Applications using Spark, Databricks, and Docker in the Cloud for Data Science.

Outcomes:

By the end of the semester, each student will be able to:

  1. Integrate and extend previously learned data science tools to analyze remote and distributed data in business contexts.
  2. Explore, interpret, conceptualize, and validate assumptions of data at scale.
  3. Understand the differences and benefits of current industry technologies for big data storage and analysis.
  4. Leverage parallel processing for analysis.

Integrate and extend …

Integrate and extend previously learned data science tools to analyze remote and distributed data in business contexts.

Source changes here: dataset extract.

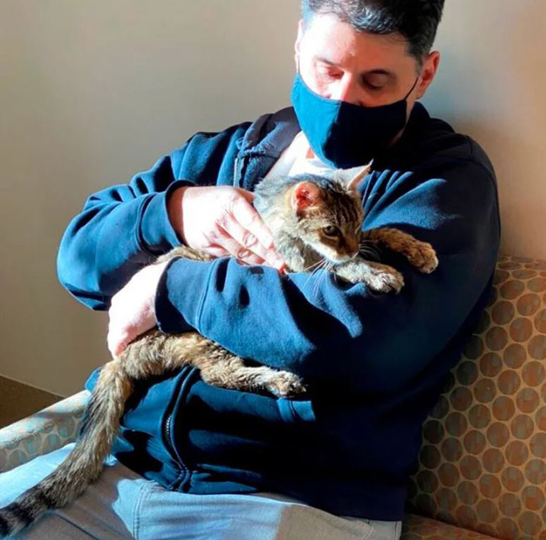 I saw her, I picked her up and she started to purr and it was very emotional. It was nice to have her in my arms again.

There are many environments and tools for big data analysis. Companies like Oracle and SAS have been around for decades. Microsft Azure, Amazon’s AWS, and Google Cloud now have an established presence in this space.

Historically, each of those systems had its own language and proprietary data storage architecture. Now we have Platform as a service (PaaS) tools that leverage AWS and Azure to meet the new demand for decision making with data using R, Python, and SQL. Databricks https://databricks.com/ is the PaaS that we will leverage to learn Apache Spark for big data analytics.

Spark and Spark SQL allow us to use our Python and R languages to access cloud computing for big data.

Data at scale

Explore, interpret, conceptualize, and validate assumptions of data at scale.

Topics around big data are often summarized with V words. Early on, it was the 3 V’s of big data, and then it went to the 4 V’s of Big Data. From there we went to 7, to 10, and even 42 V’s.

Different stresses arise with big data. We are forced to rethink how we can validate our work, debug our code, or even conceptualize our project’s data and process.1

Differences and benefits

Understand the differences and benefits of current industry technologies for big data storage and analysis.

Once you move into cloud computing and big data tools, there are so many technologies and companies used and talked about that it is hard to keep up. We hear things like Azure ML, Amazon S3, Amazon EC2, Hadoop, HDFS, Docker, Kubernetes, Spark, Google Big Query, Apache, Cloudera, Databricks and wonder if we can ever keep up with all the tools.

We will see how some of these tools can be leveraged with our data science languages of R, Python, and SQL.

Parallel processing

Leverage parallel processing for analysis.

Both R and Python require additional packages to leverage most of the functionality associated with parallel processing. In R, we have future, foreach, and furrr to name a few. In Python, we have multiprocessing, Ray, and Dask that are often used.

Many of the concepts associated with computing in the cloud align with performing parallel processing on your personal computer. We need to be careful to think about data transfer, memory size as we try to speed up our calculations.


  1. https://rviews.rstudio.com/2019/07/17/3-big-data-strategies-for-r/

    ↩︎